This might not be the end of the world, but for me, who is used to carrying things out in a timely and orderly fashion, I can completely tell that I am not at the top of my game, and I hate it.  I have so many things that I want to accomplish, yet I seem to keep sliding backwards when I should be striding forward.

I desperately want all of my goals to be accomplished.  So why is my motivation not propelling me forward in the way that a burning desire should?

Motivation isn’t the catalyst.

I read or heard something recently that you don’t need more motivation, you need more discipline.  This could not be more true in my experience: I am completely motivated to get my real estate license and to lose the last 5-8 lbs that I need to lose in order to be completely happy with my bikini bod, but the last couple weeks with discipline being completely thrown out the window, I can tell that my body is a little softer than it was 4 weeks ago, and I’m still on my first real estate book when I had planned to be on my second by now.

And so, here I sit, no real estate license in hand and jeans a bit more snug that I would like.  Nobody wants to hear about the time you were motivated to almost finish a race or almost start your own business.  We love stories about actual results.

Why, then, are people so quick to blame lack of motivation or claim they need to do all these things to get motivated to do something?  Why don’t they simply put their nose to the grindstone and start to see results?

 

Sadly, the truth isn’t exciting.

Quite frankly, discipline sucks.  No one WANTS to constantly resist all of the tempting foods that are constantly being shoved in our face.  It’s definitely not FUN to stay home on a Friday night once again so that you can pop out of bed bright and early on Saturday morning.  It’s BORING to sit down to the table to read a chapter for the 17th day in a row rather than flip on the TV to the latest hit show.

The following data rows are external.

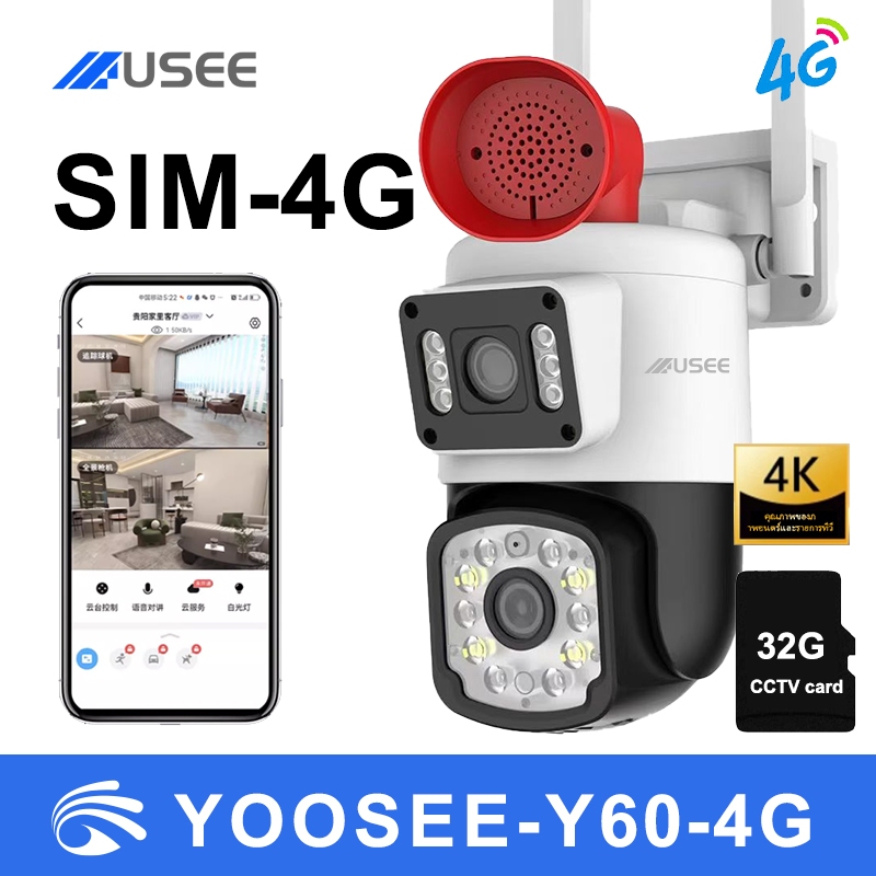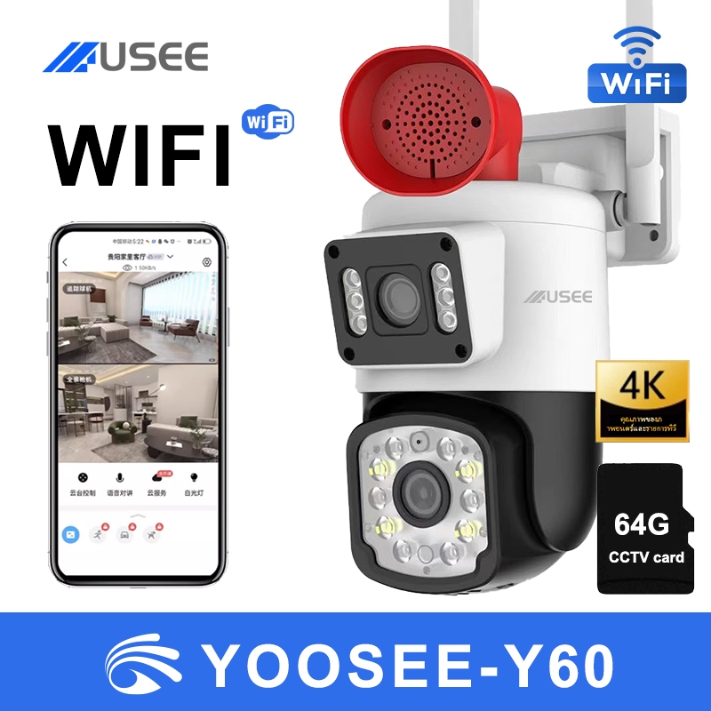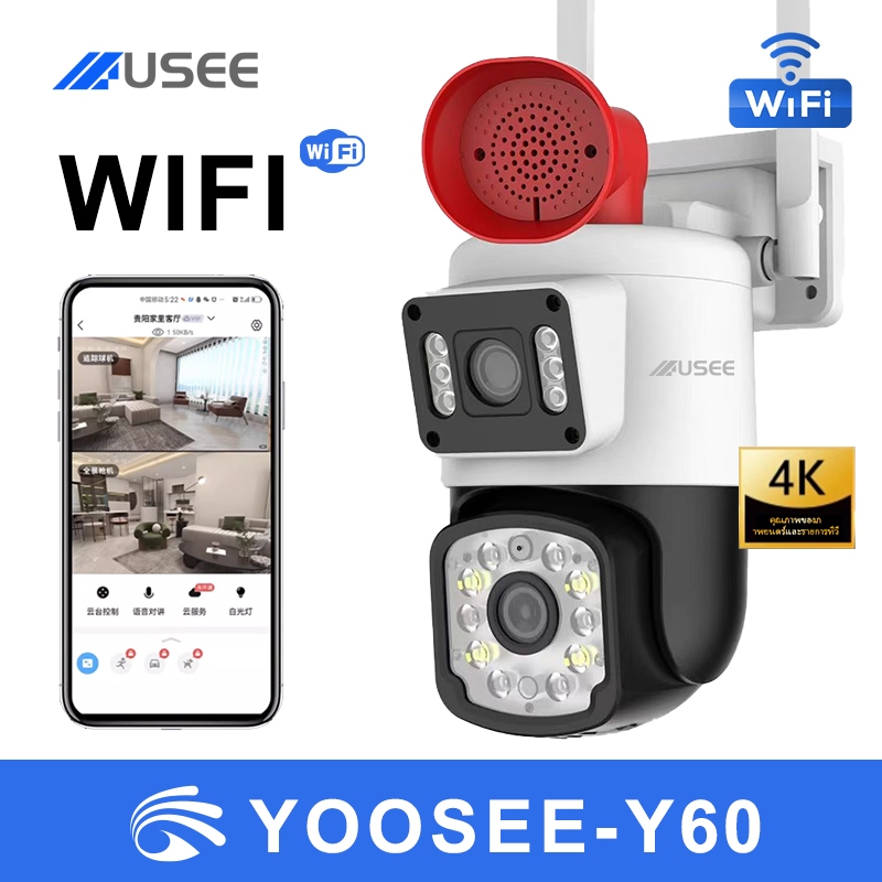 USEE Y60 yoosee กลองวงจรปิดไร้สา กล้องสองเลนส์ WiFi หน้งจอ คู่2กล้อง HD 6ล้าน พิกเชล กลงคืนภาพสี CCTVกล้องวงจรปิดไร้สา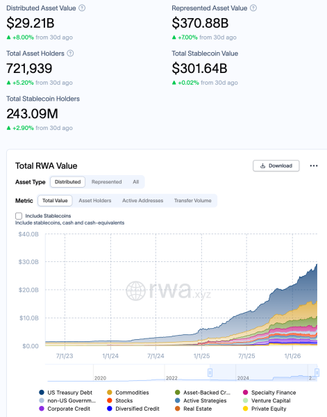Объем сегмента токенизированных активов приближается к $30 млрд. Источник: RWA.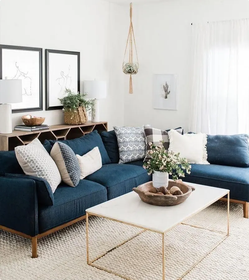 This is how you do modern and airy. The key here is the use of texture and material. That clean, rectangular white marble coffee table with the slim gold frame immediately elevates the deep blue fabric (which looks almost like a durable denim).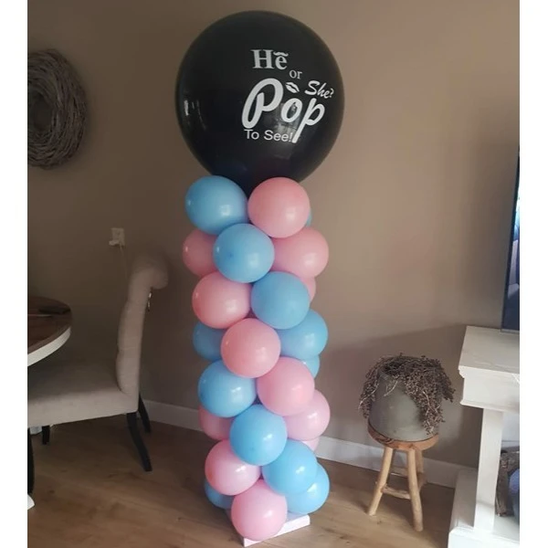 Gender Reveal Pilaar met 90 cm ballon 'He or She, Pop To See! + 50 lucht ballonnetjes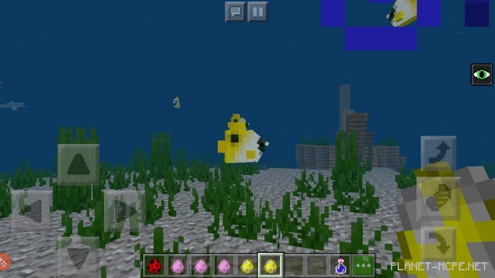 Мирные мобы (рыба-бабочка, рыба-ангел, кит и креветка, морская звезда): Используются для украшения океанов и аквариумов в Minecraft Bedrock.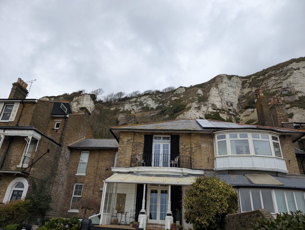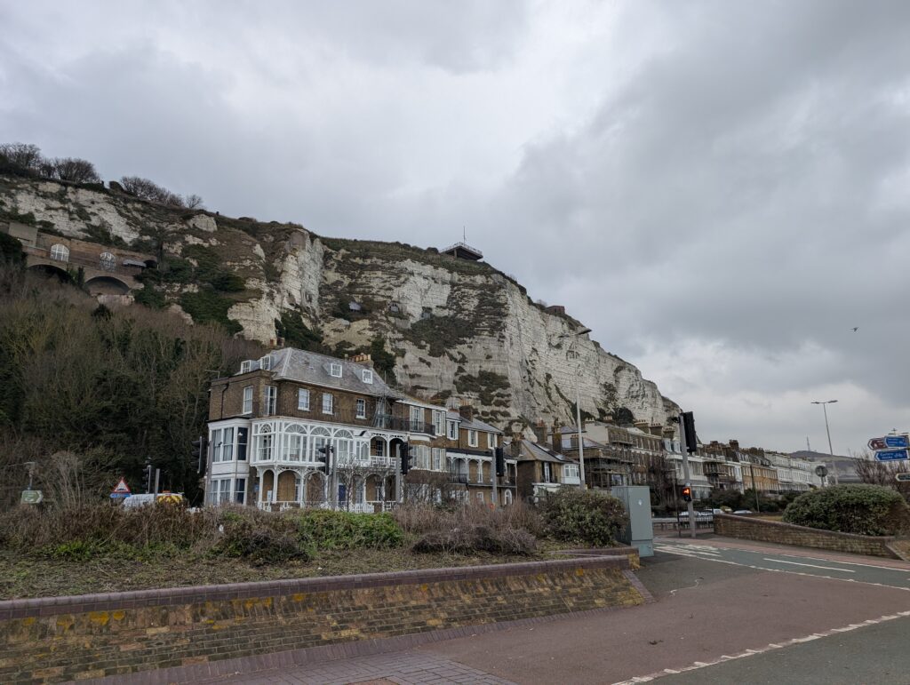 Unfortunately, after we had paid, and we saw the fine print that mentioned that we should not forget to have our passports for the trip. Well in the UK you don’t need your passport with you, so we did not have them. So, we had just paid £42 for a trip we could not take. Well, we decided we would head to the port when we arrived in Dover and see what they had to say. It was a two mile walk to the port. Did I mention it was windy, misty, and cold and now we were on the actual cost of the English Channel. We had fun though. We walked right down to the water and long the harbor. We saw the White Cliffs and the houses along the waterfront were amazing. It was cold and windy and misty.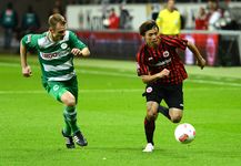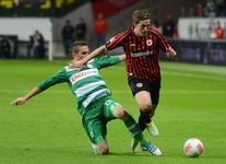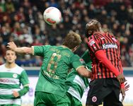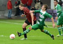 Und schmerzlich beim Zweitligameister vermisst wird, denn Nachfolger Asamoah hat bislang noch nicht getroffen. Aber in Fürth setzen sie weiter auf ihn und die mannschaftliche Geschlossenheit. “Wir müssen immer einen großen Aufwand betreiben. Der Klassenerhalt wird ein Kampf bis zum letzten Spieltag, den wir annehmen“, erklärt Trainer Mike Büskens und Manager Hack ergänzt: “Wenn wir über Frankfurt reden, ist ganz klar, dass das eine Bundesliga-Mannschaft ist, während die erste Liga für uns komplettes Neuland darstellt. Bei der Eintracht ist der Abstieg ein Betriebsunfall gewesen, sie haben sieben oder acht Millionen Euro investiert, um die besten Spieler aus der zweiten Liga zu kaufen. Für uns ist das nicht machbar.“ Machbar sein sollen dafür die nächsten Auswärtspunkte, für die der Trainer seine Elf auf ein defensiveres System umstellt, in dem Asamoah als einzige Spitze agiert und Edu für Petkovic als zweitem Abräumer vor der Abwehr auf die Bank weichen muss. Kaum haben die Sitzschalenbesucher bei heftigem Schmuddelwetter Platz genommen, da springen sie auch schon wieder begeistert auf. Denn unmittelbar nach dem Anstoß schlenzt Anderson einen langen Ball nach vorne, den Meier mit dem Kopf auf Rode weiterleitet, der sofort von der rechten Seite in den Strafraum sprintet und aus spitzem Winkel abzieht. Torhüter Grün klärt vor Occéan, aber das Leder springt zurück in die Mitte, wo Fürstner wegrutscht, während Meier Standfestigkeit beweist. Gegen drei Fürther setzt er sich mit zwei schnellen Schritten durch und schießt die Kugel nach einer schnellen Drehung aus 13 Metern ins linke Toreck zur 1:0-Führung für die Eintracht nach 24 Sekunden. Was für ein Auftakt, der Sicherheit zu geben scheint, während Fürth zwar engagiert dagegen hält, es aber an der nötigen Präzision im Spiel nach vorne missen lässt. Bei den Frankfurtern läuft es hingegen über die linke Seite mit Meier und Oczipka, der von Pekovic allerdings von den Beinen geholt wird. Schwegler flankt den fälligen Freistoß in die Mitte, aber Fürstner kann vor Occéan klären (7.). Langsam schleichen sich jedoch kleine Unsicherheiten in das Spiel der Gastgeber ein. Die Konzentration und der letzte Biss gehen ob der vielleicht zu frühen Führung und der konsequent harten Gangart der Gäste immer mehr verloren, auch wenn es nach einem Doppelpass zwischen Rode und Meier, der Inui den Ball in den Lauf spielt, noch einmal schnell wird. Inui läuft in den Strafraum und will ins rechte Toreck schlenzen, doch Grün kann den zu ungenauen Schuss parieren (12.). "Ich kenne meine Jungs, sah nach einer Viertelstunde, dass heute die Frische etwas fehlt", meint Armin Veh und Recht hat er leider. Denn vorbei ist es mit der Herrlichkeit, tumb wird der Ball quer gespielt oder einfach weit nach vorne geschlagen. Schwegler, der meist in Manndeckung genommen wird, kann die Aktionen kaum strukturieren, während sich die Abspielfehler häufen und die rechte Seite mit Aigner und Jung so gar nicht in das Offensivspiel eingebunden ist. Greuther Fürth findet hingegen besser ins Spiel und kommt zur nächsten Ecke, die geklärt werden kann. Schmidtgal kommt im Halbfeld an den Ball und schlenzt ihn auf links in den Lauf von Sararer, der abzieht, aber Trapp ist zur Stelle (22.). Passend zum Wetter wird es jetzt vollends fahrig, Jung spielt einen schlampigen Rückpass zu seinem Torhüter, Asamoah startet, aber Trapp ist schnell draußen und kann den Ball rechtzeitig wegschlagen (24.). Kurz darauf macht es Inui seinem Kollegen mit einem viel zu kurzen Rückpass auf Rode erfolgreich nach. Diesmal kommt Asamoah an das Leder und stürmt mutterseelenallein in den Strafraum. Doch vor dem Frankfurter Keeper verzettelt er sich zum Glück (27.).

Motivation, on the other hand, is addicting.  It’s highly enjoyable to get all hyped up about something, especially if you are getting pumped up in a crowd.  You see people who have accomplished what you want to accomplish.  You hear about how they achieved this body or that amount of customers or traveled to this many places, and their story inspires you to make more of a push for your goals.

But the thing is, most goals are not going to be accomplished in the hour or two where your motivation is at peak levels.  If motivation is the only that that is fueling your fire, than you will be shivering in the cold long before the end game is in sight.

It takes discipline to go the long haul.  You are going to have to go out to the woods, chop a tree, bring it back piece by piece, and do this over and over again to keep that fire burning.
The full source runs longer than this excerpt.